The problem: Restate the records that follow word for word. Omit the images.

= = = =

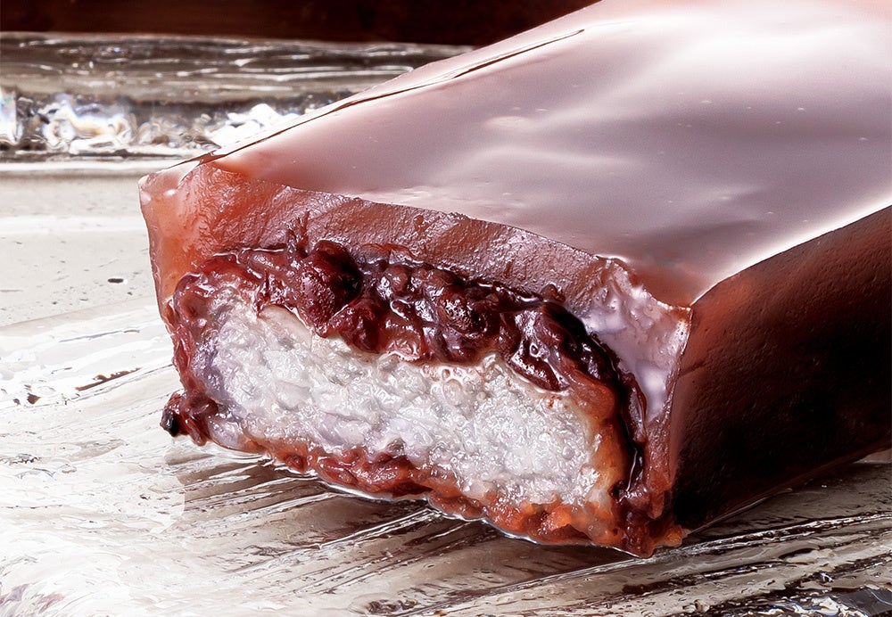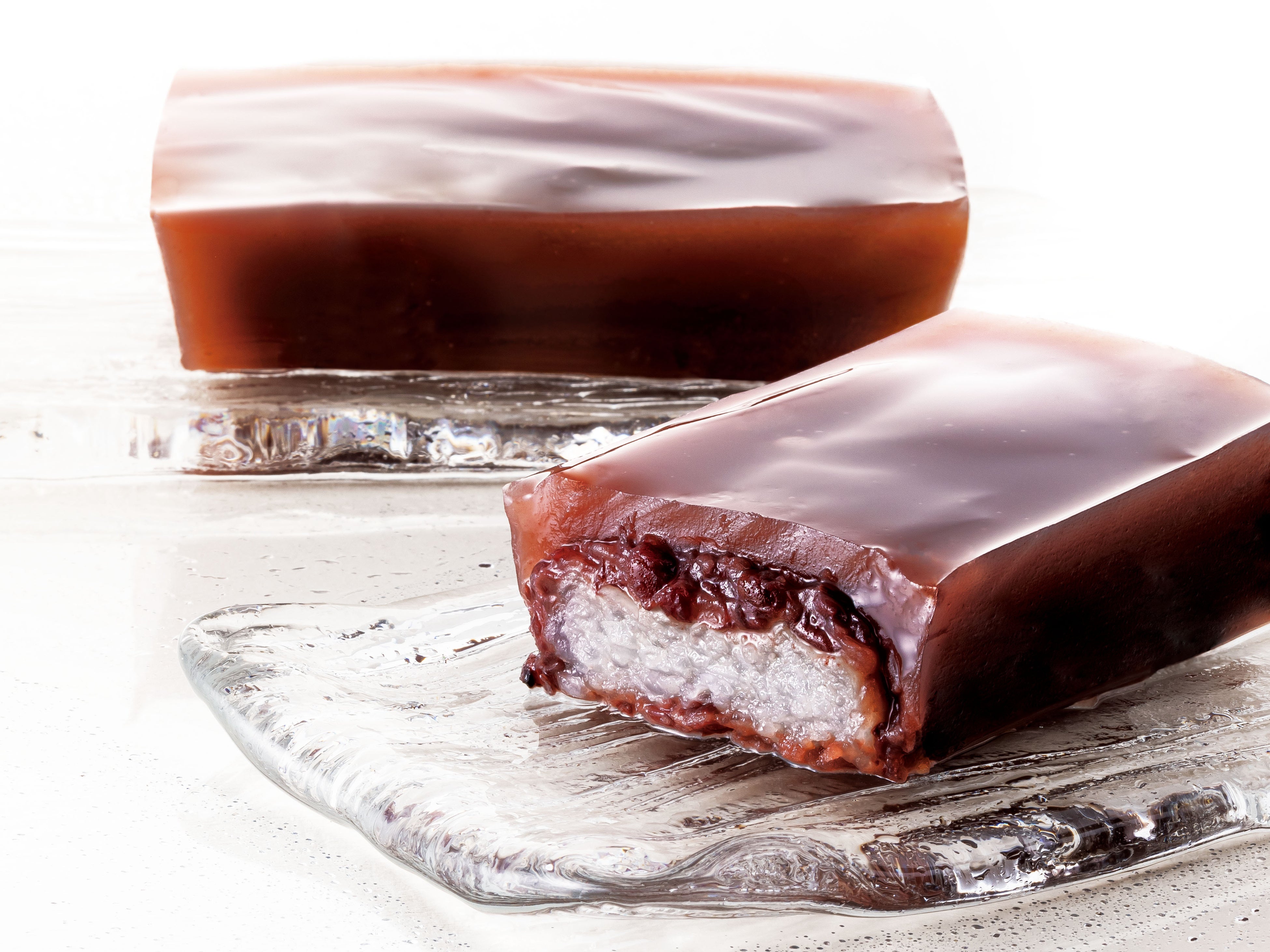 美味しいおはぎが水羊羹を羽織ったら、こんなにさっぱりなめらかな口当たりになりました。水ようかんの中には風味豊かな「北海道あずき」と、もちもちに搗きあげた「満月もち米」でこしらえた“ 特製おはぎ ”を、2個丸ごとイン!“粒あん”と“こしあん”、ふたつの餡子の食感を楽しめる贅沢なおはぎもちです。真ん中でふたつにとりわけて、おひとつずつどうぞ。
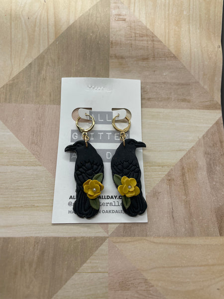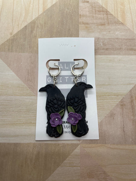 Black polymer clay raven dangle, available in 4 colors, finished on a huggy hoop in gold or silver. Modern raven design features handmade flower with pearl center.
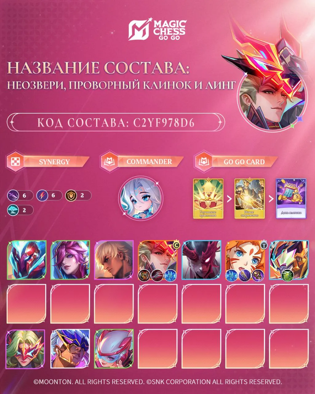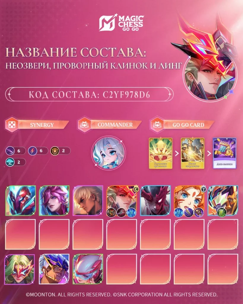 В ранней игре совершайте переход с помощью Неозверей + Стрелка/Мага. Отдайте приоритет Падальщику, если он доступен. Активируйте Неосундук при 40–45 ОЗ, чтобы забрать награды и стремитесь к ур. 9. Затем обновляйте магазин и отдавайте приоритет героям Проворного клинка (Линг, К’ и др.).
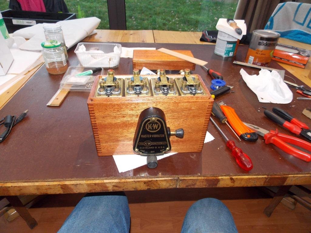On New Years day I finished building for our 1911 touring restoration project this Heinze ignition box sized to accept the more "modern" KW coils. I got the box from Snyder's and the KW coils fit well without shimming. I stained it with Track of the Wolf cherry stain which I will also use on the replacement firewall.
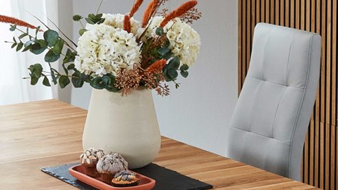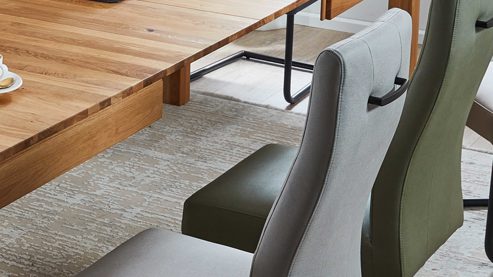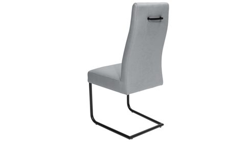 silbergrauer Stoffbezug in Lederoptik, kombiniert mit mattschwarz lackiertem Metall
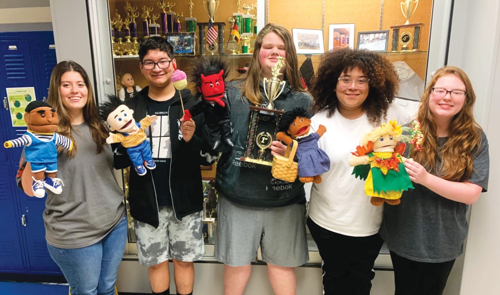 First place: Upper Level Puppet Show – “Der Teufel sucht eine Frau” – Syvana Hill (Kasper), Fabio Garcia (Seppl), William Shelton (der Teufel), Dariana Contreras (die arme Gretel) and Linsey Bledsoe (die Waldfee)
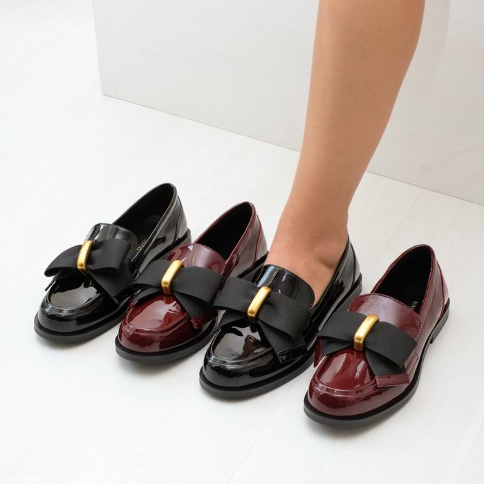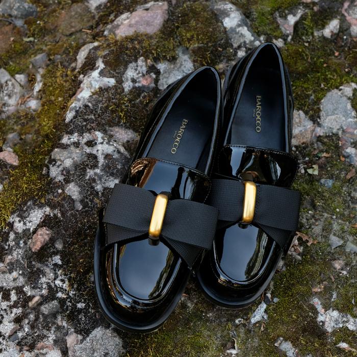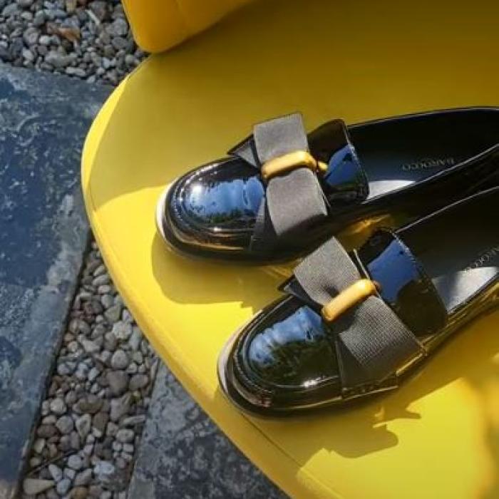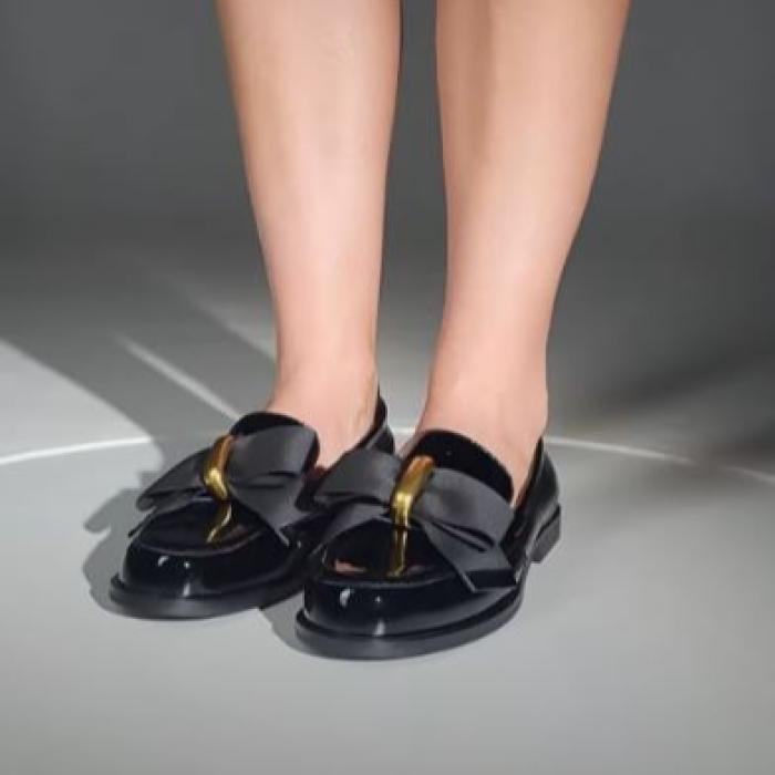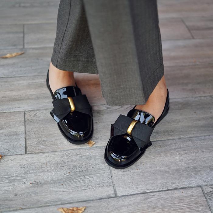Лоферы 9631 выполнены из натуральной лакированной кожи черного цвета, что придает им элегантный и современный вид. Ключевая особенность этих лоферов — широкий каблук и закругленный мыс, дополненные изысканным декором в виде банта на подъеме. Это сочетание не только обеспечивает комфорт при носке, но и добавляет нотку утонченности в Ваш образ.
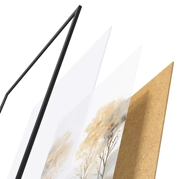 Le poster se compose d'un cadre, d'un plexiglas, d'une image imprimée et d'un support en aggloméré. Le poster peut être immédiatement accroché au mur grâce aux fixations au dos.
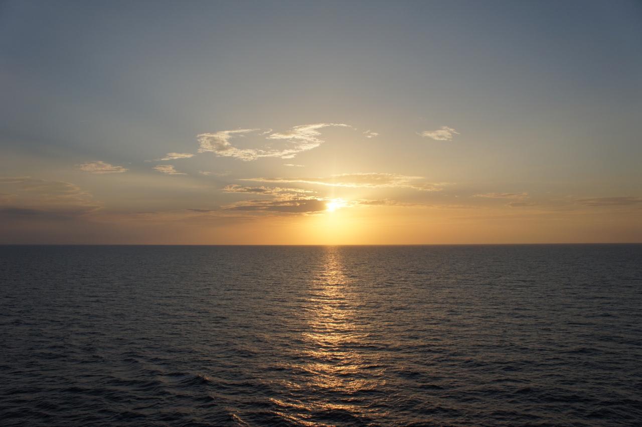 船からの最後の夕日。
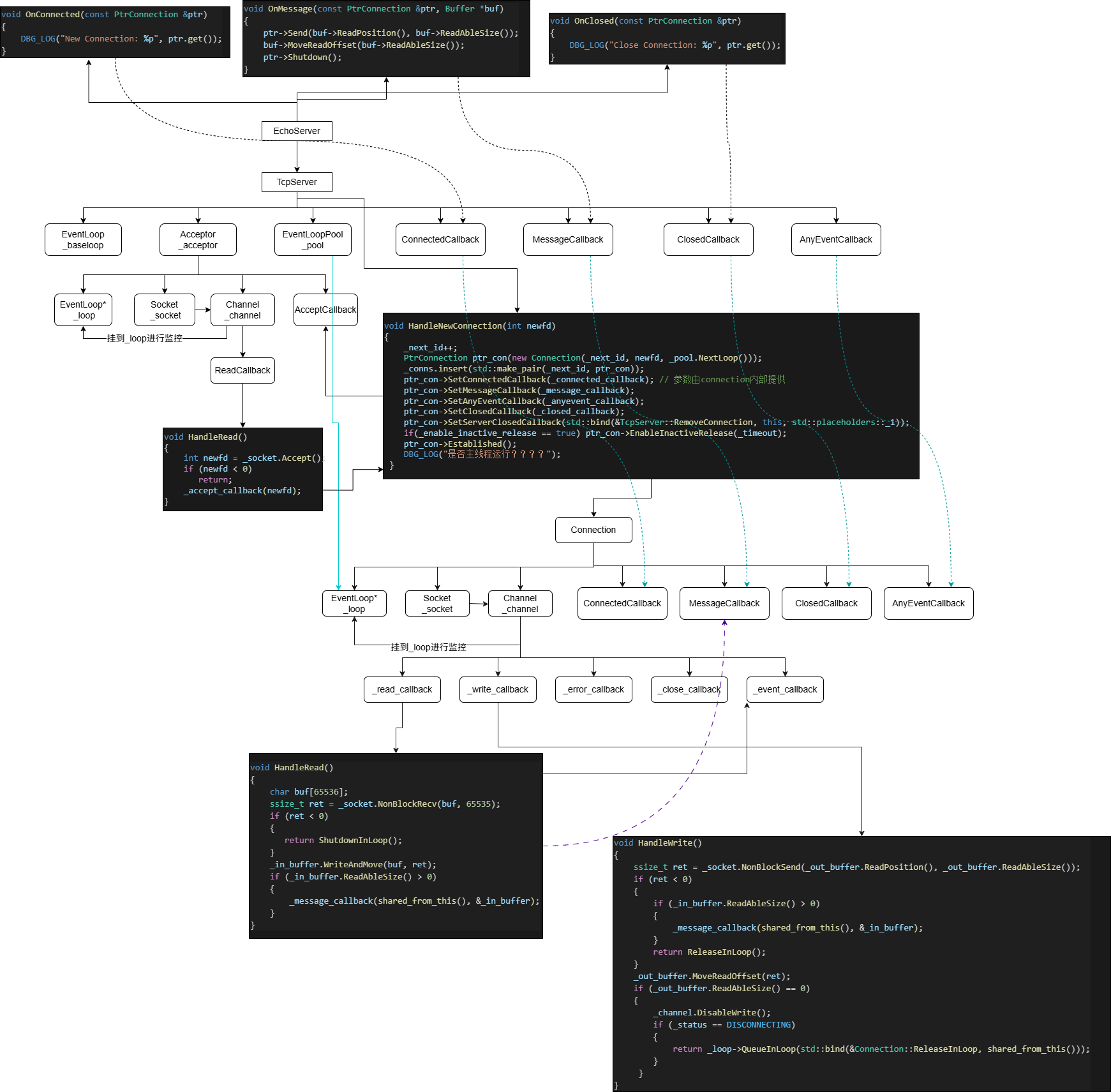 void HandleNewConnection(int newfd) ,将其分发给从属线程:Connection 对象在构造时绑定的 _loop 指针指向的是通过 threads[next_loop].GetLoop() 获取的从属线程 EventLoop。这一步就将新连接connection和从属线程 EventLoop绑定在一起。
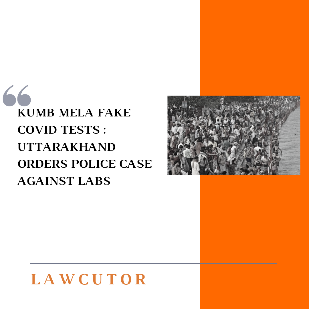 The Uttarakhand Government has directed the Haridwar District Administration ( DC) to register a case against private laboratories that they have allegedly conducted tests during the Kumb Mela . Hundreds of thousands of pilgrims gathered in the City of Haridwar for a ritual bath in ganga river between April 1 to 30.
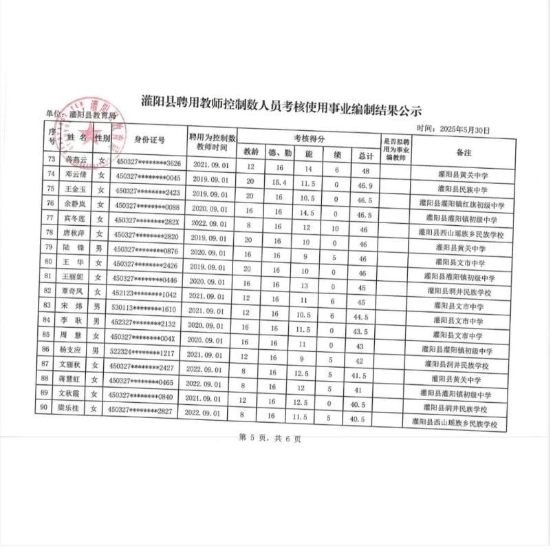 灌陽(yáng)縣聘用教師控制數(shù)人員考核使用事業(yè)編制結(jié)果公示
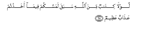 68. Lawla kitabun mina Allahi sabaqa lamassakum feema akhathtum AAathabun AAatheemun
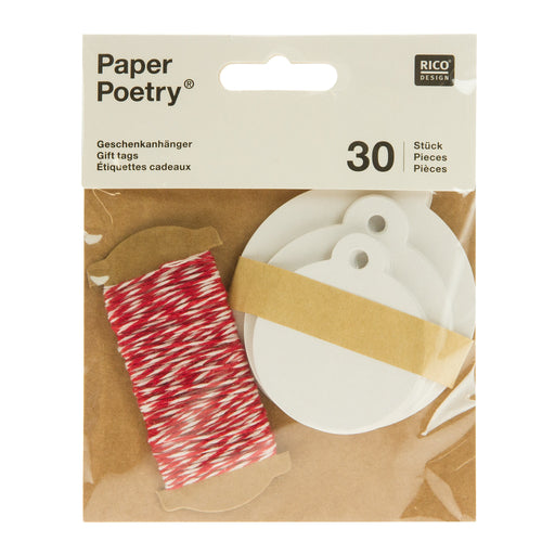 30 gift tags, 10 each of 44mm, 52mm and 62mm diameter. Includes red and white string.

= = = =

Result of this task:
 美味しいおはぎが水羊羹を羽織ったら、こんなにさっぱりなめらかな口当たりになりました。水ようかんの中には風味豊かな「北海道あずき」と、もちもちに搗きあげた「満月もち米」でこしらえた“ 特製おはぎ ”を、2個丸ごとイン!“粒あん”と“こしあん”、ふたつの餡子の食感を楽しめる贅沢なおはぎもちです。真ん中でふたつにとりわけて、おひとつずつどうぞ。
 Black polymer clay raven dangle, available in 4 colors, finished on a huggy hoop in gold or silver. Modern raven design features handmade flower with pearl center.
 В ранней игре совершайте переход с помощью Неозверей + Стрелка/Мага. Отдайте приоритет Падальщику, если он доступен. Активируйте Неосундук при 40–45 ОЗ, чтобы забрать награды и стремитесь к ур. 9. Затем обновляйте магазин и отдавайте приоритет героям Проворного клинка (Линг, К’ и др.).
On New Years day I finished building for our 1911 touring restoration project this Heinze ignition box sized to accept the more "modern" KW coils. I got the box from Snyder's and the KW coils fit well without shimming. I stained it with Track of the Wolf cherry stain which I will also use on the replacement firewall.
 silbergrauer Stoffbezug in Lederoptik, kombiniert mit mattschwarz lackiertem Metall
 First place: Upper Level Puppet Show – “Der Teufel sucht eine Frau” – Syvana Hill (Kasper), Fabio Garcia (Seppl), William Shelton (der Teufel), Dariana Contreras (die arme Gretel) and Linsey Bledsoe (die Waldfee)
Лоферы 9631 выполнены из натуральной лакированной кожи черного цвета, что придает им элегантный и современный вид. Ключевая особенность этих лоферов — широкий каблук и закругленный мыс, дополненные изысканным декором в виде банта на подъеме. Это сочетание не только обеспечивает комфорт при носке, но и добавляет нотку утонченности в Ваш образ.
 Le poster se compose d'un cadre, d'un plexiglas, d'une image imprimée et d'un support en aggloméré. Le poster peut être immédiatement accroché au mur grâce aux fixations au dos.
 船からの最後の夕日。
 void HandleNewConnection(int newfd) ,将其分发给从属线程:Connection 对象在构造时绑定的 _loop 指针指向的是通过 threads[next_loop].GetLoop() 获取的从属线程 EventLoop。这一步就将新连接connection和从属线程 EventLoop绑定在一起。
 The Uttarakhand Government has directed the Haridwar District Administration ( DC) to register a case against private laboratories that they have allegedly conducted tests during the Kumb Mela . Hundreds of thousands of pilgrims gathered in the City of Haridwar for a ritual bath in ganga river between April 1 to 30.
 灌陽(yáng)縣聘用教師控制數(shù)人員考核使用事業(yè)編制結(jié)果公示
 68. Lawla kitabun mina Allahi sabaqa lamassakum feema akhathtum AAathabun AAatheemun
 30 gift tags, 10 each of 44mm, 52mm and 62mm diameter. Includes red and white string.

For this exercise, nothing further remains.